Additional recommended knowledge
The SMAD proteins are homologs of both the drosophila protein, mothers against decapentaplegic (MAD) and the C. elegans protein SMA. The name is a combination of the two. During Drosophila research, it was found that a mutation in the gene, MAD, in the mother, repressed the gene, decapentaplegic, in the embryo. The phrase "Mothers against" was added since mothers often form organizations opposing various issues eg. Mothers Against Drunk Driving or (MADD).
SMADs are highly conserved across species, especially in the N terminal MH1 domain and the C terminal MH2 domain. The MH1 domain has DNA specific binding properties, where it binds to specific nucleotide sequences. It also facilitates the binding of SMAD4 to the phosphorylated C-terminus of R-SMADs. The MH2 domain is responsible for receptor recognition and oligomerization with other SMADs as well as DNA binding. The MH2 domain directly interacts with the MH1 domain of R-SMADs.
SMAD4 binds to receptor regulated SMADs (R-SMADs), such as SMAD1 or SMAD2 and facilitates the translocation of the heteromeric complex into the nucleus. SMAD4 may form heterotrimeric, heterohexameric or heterodimeric complexes with R-SMADs.
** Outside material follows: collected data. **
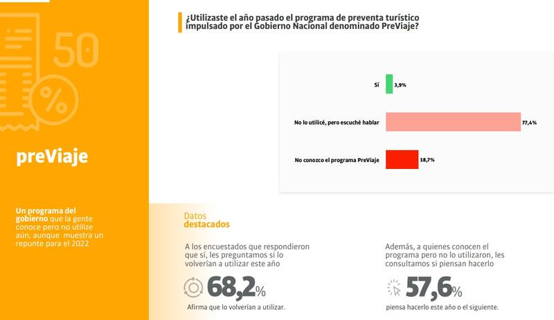 La iniciativa del Gobierno para fomentar el turismo interno que ha sido fuertemente perjudicado por la pandemia es de público conocimiento para los argentinos. Sin embargo, si se hace un análisis porcentual aunque 8 de cada 10 conocen el programa, menos del 4% de la sociedad lo aprovechó, de acuerdo al último relevamiento de Taquion.
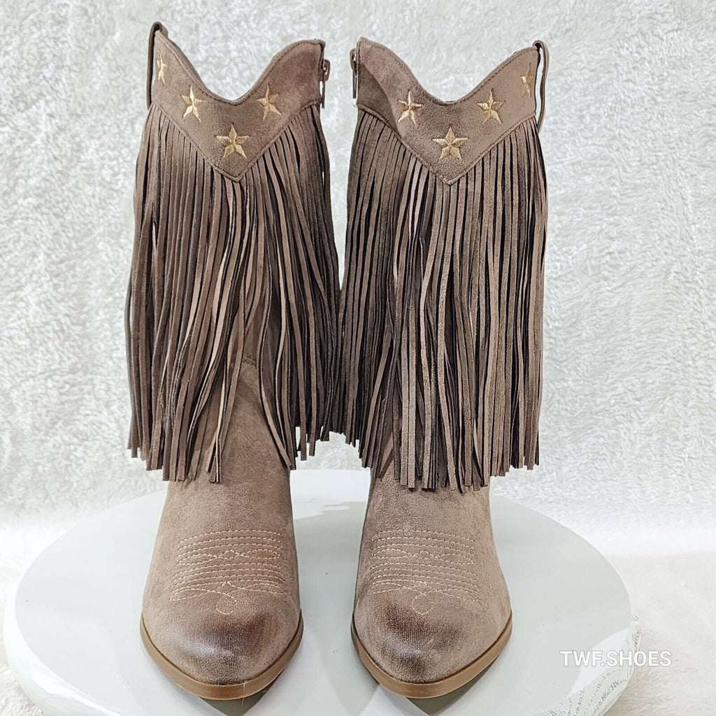 Dusty Mid Calf Coco Taupe Fringe Country Western Cowgirl Boots
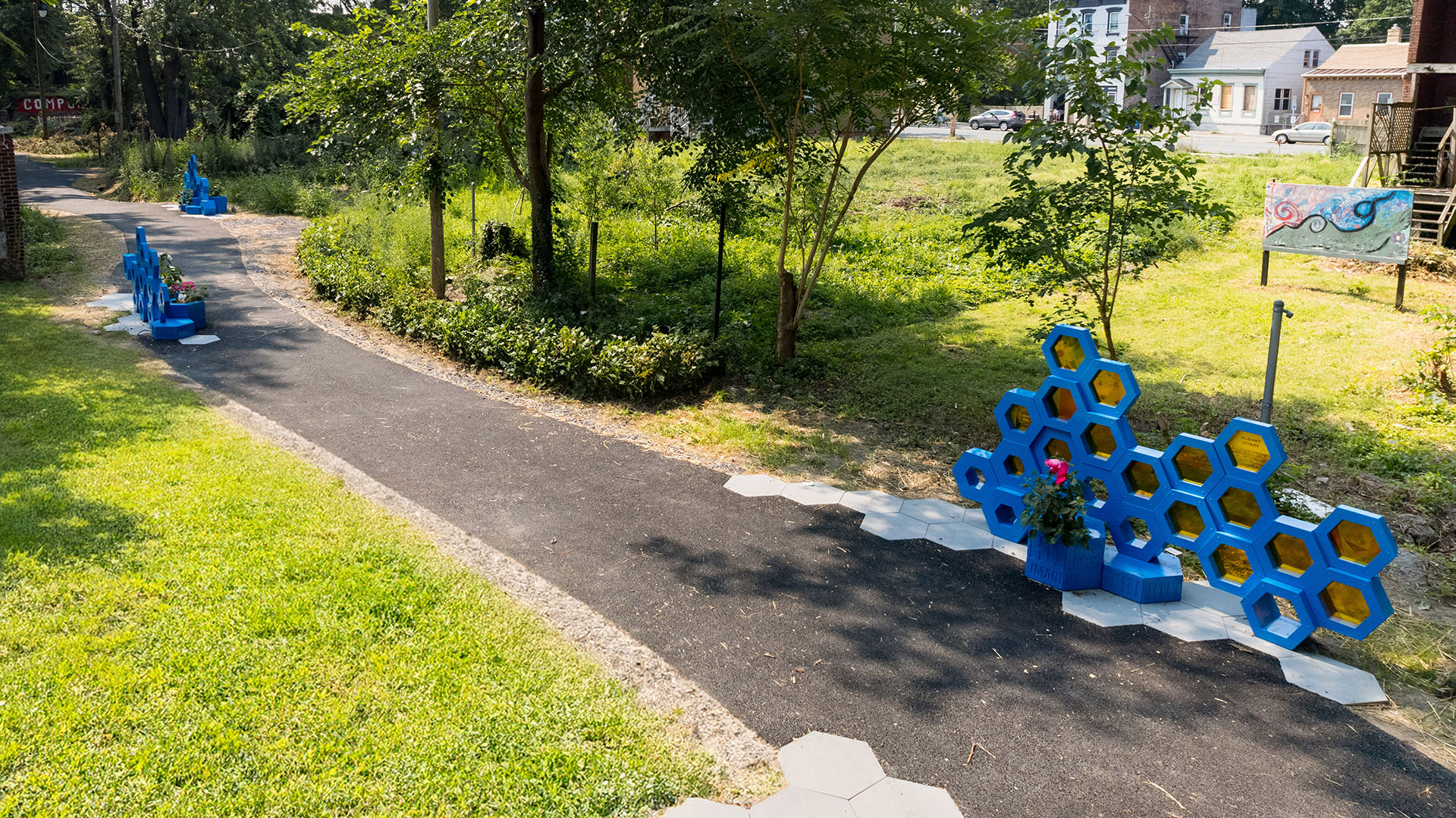 Because West Hill is a community deeply impacted by the traumas of gun violence, the project also sought to create a space of safety, reflection, and connection. In collaboration with Albany Victory Gardens, The Hive became part of a larger “green walk” that introduces neighbors to gardening and growing their own food. Community-driven wayfinding links the alley to the farmers market, blueberry orchard, and garden plots—connecting previously disparate but active sites of community life.

In the nucleus the heteromeric complex binds promoters and interact with transcriptional activators. SMAD3/SMAD4 complexes can directly bind the SBE (Smad-binding DNA element) which is a four base pair sequence 5′-GTCT-3' or the complement 5′-AGAC-3′. These associations are weak and require additional transcription factors such as members of the AP-1 family, TFE3 and FoxG1 to regulate gene expression.
SMAD4, is often found mutated in many cancers. SMAD4 alterations have been found in multiploid colorectal cancer and pancreatic carcinoma. It is found inactivated in at least 50% of pancreatic cancers. It is also found mutated in the autosomal dominant disease juvenile polyposis syndrome (JPS). JPS is characterized by characterized by hamartomatous polyps in the gastrointestinal (GI) tract. These polyps are usually benign, however they are at greater risk of developing gastrointestinal cancers, in particular colon cancer.
Somatic mutations found in human cancers of the MH1 domain of Smad4 have been shown to inhibit the DNA-binding function of this domain.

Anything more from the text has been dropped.